Die Umstände haben geholfen
Platz und Raum kosten aber oft jede Menge Geld. Heute sogar noch mehr als zu der Zeit, als Familie Kramps das Projekt angegangen ist - 2015 nämlich. „Da kann es helfen, wenn so ein Gebäude schon mal niemand mehr haben möchte oder es auch einen größeren Sanierungsstau hat“, sagt Anna Terletzki. Erwähnenswert ist in diesem Zusammenhang auch der Denkmalschutz, der viele Leute abschreckt, geschützte Bauten zu kaufen. „Man kann es sich aber sehr schön machen und trotzdem den Geist eines so alten Gebäudes erhalten. Das eine schließt das andere nicht aus. Man muss sich einfach trauen.“
Die Herrschaftlichkeit alter Zeiten
Das haben sie. Und so leben sie heute in einem Gebäude, das durch die individuelle Einrichtung sehr moderne Züge trägt, in seinen Grundfesten aber von seiner Herrschaftlichkeit, seiner historistischen Anmutung und diesem Geist einer Zeit, in der Bedienstete hier den Alltag schmissen, nichts verloren hat. Aus dem Fenster eines Wohnzimmers mit Kamin sieht man draußen, auf der gegenüberliegenden Straßenseite, die evangelische Kreuzkirche stehen. Den Platz dafür hatte die Familie Hülsberg einst gestiftet. 1903 wurde sie eröffnet. Die Hülsbergs stifteten auch die ursprünglich im Glockenturm hängenden Bronzeglocken.

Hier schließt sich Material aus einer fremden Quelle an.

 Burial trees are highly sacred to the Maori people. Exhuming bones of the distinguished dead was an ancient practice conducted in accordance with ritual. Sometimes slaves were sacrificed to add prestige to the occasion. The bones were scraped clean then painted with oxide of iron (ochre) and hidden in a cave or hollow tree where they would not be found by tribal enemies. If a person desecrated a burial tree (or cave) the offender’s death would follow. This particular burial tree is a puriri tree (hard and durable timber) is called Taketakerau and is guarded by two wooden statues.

Keimzelle der Vorhaller Entwicklung
Eine alte Aufnahme aus dem Jahr 1920 zeigt die „Partie an der evangelischen Kirche“. Der Platz vor der Kirche ist noch nicht verbaut und eine freie Wiese. Neben der Hülsberg-Villa sind nur zwei weitere stattliche Bauten zu sehen. An der Vorhaller Straße entwickelten sich neben dem Haus, in dem nun Familie Kramps lebt, weitere Villen, die heute noch dort zu sehen sind. Im Übrigen wurden die Hülsbergs auf den Gütern Oberste und Niederste Hülsberg geboren. Niederste Hülsberg - einst ein stattliches Bauerngut - verwest heute in der Kurve an der Weststraße auf dem Weg nach Wetter vor sich hin.

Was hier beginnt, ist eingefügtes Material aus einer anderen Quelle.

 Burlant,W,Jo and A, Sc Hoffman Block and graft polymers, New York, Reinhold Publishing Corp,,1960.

Leben in historischer Keimzelle
„Wir haben hier unser Glück gefunden“, sagen Anna und ihre Mutter Tina stellvertretend für die ganze Familie. Vorhaller waren sie ohnehin durch und durch. Nun schreiben sie in einem geschichtsträchtigen Haus ihre eigene Geschichte weiter. Aus der oberen Etage der Wohnung von Anna Kramps blickt man übrigens auf den Kaisberg und den Freiherr-vom-Stein-Turm. Leben in einer historischen Keimzelle.